Use JPA for transactional CRUD operations where you benefit from: dirty checking (no explicit save() for managed entities), relationship management (@OneToMany, @ManyToOne with cascading), schema validation at startup, and database portability via Hibernate dialects. JPA is the right tool for the majority of Spring Boot application persistence — REST API backends, user data management, order processing, and any domain where you model relationships between entities.
Use JdbcTemplate or NamedParameterJdbcTemplate for: high-throughput bulk read operations returning millions of rows (reporting, analytics, data exports), bulk inserts where raw JDBC batching outperforms Hibernate batch configuration, MySQL-specific features where native SQL is required and JPQL cannot express the query, and cases where you need deterministic SQL output without the Persistence Context overhead.
In practice, many production applications use both. JPA handles the transactional write path and standard read queries. JdbcTemplate handles reporting endpoints and bulk processing. Spring Boot auto-configures a JdbcTemplate bean using the same HikariCP datasource — there is no additional configuration required to use both in the same application.
What is the difference between JPQL and native SQL in Spring Data JPA?
JPQL (Java Persistence Query Language) operates on entity class names and field names — not table and column names.
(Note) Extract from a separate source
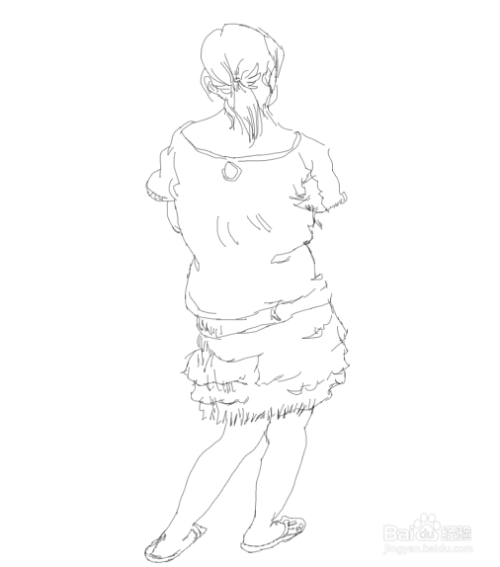 最后再在脚部上画出女孩的脚上穿的凉拖鞋,这样我们的女孩背影就画好了,如图所示:

SELECT p FROM ForgeProduct p WHERE p.price > :min is valid JPQL. Hibernate translates JPQL to the correct SQL dialect for the configured database at startup — the query is database-agnostic. Hibernate also validates JPQL at startup: if you reference a field that does not exist on the entity, the application fails to start. This is a significant advantage during development.
Native SQL in Spring Data JPA uses @Query(nativeQuery = true) and operates on table names and column names as they exist in MySQL. SELECT * FROM forge_products WHERE price > :min is native SQL. It is MySQL-specific and will not work on PostgreSQL without modification. It is not validated by Hibernate at startup — a typo in a column name produces a runtime exception, not a startup failure.
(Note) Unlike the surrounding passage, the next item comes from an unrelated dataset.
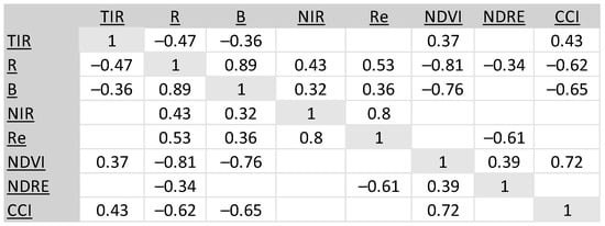 Vegetation indices (VIs) calculated from the multispectral UAV imagery. Band designations: R = red, G = green, B = blue, NIR = near infrared. See Table 4 for specific bandwidth information.

When to use native SQL: FULLTEXT search (MATCH(name) AGAINST(:term IN BOOLEAN MODE)), MySQL JSON functions (JSON_EXTRACT, JSON_ARRAYAGG), window functions (ROW_NUMBER() OVER, RANK() OVER), and performance-critical queries where you need to control the execution plan and JPQL generates suboptimal SQL. Always run the native query directly in MySQL Workbench first and verify the EXPLAIN plan before wiring it into the repository.
How do I handle database schema migrations in production?
Use Flyway for versioned, auditable, SQL-based schema migrations. Add the flyway-core dependency and place SQL migration files in src/main/resources/db/migration following the naming convention V{version}__{description}.sql — for example, V1__create_forge_products.sql, V2__add_category_index.sql, V3__add_updated_at_column.sql.
Spring Boot auto-configures Flyway when flyway-core is on the classpath. On startup, Flyway checks the flyway_schema_history table in MySQL to determine which migrations have already run, then executes any pending migrations in version order — before Hibernate schema validation runs. This ordering matters: Flyway applies the schema change, then Hibernate validates that the entity annotations match the updated schema.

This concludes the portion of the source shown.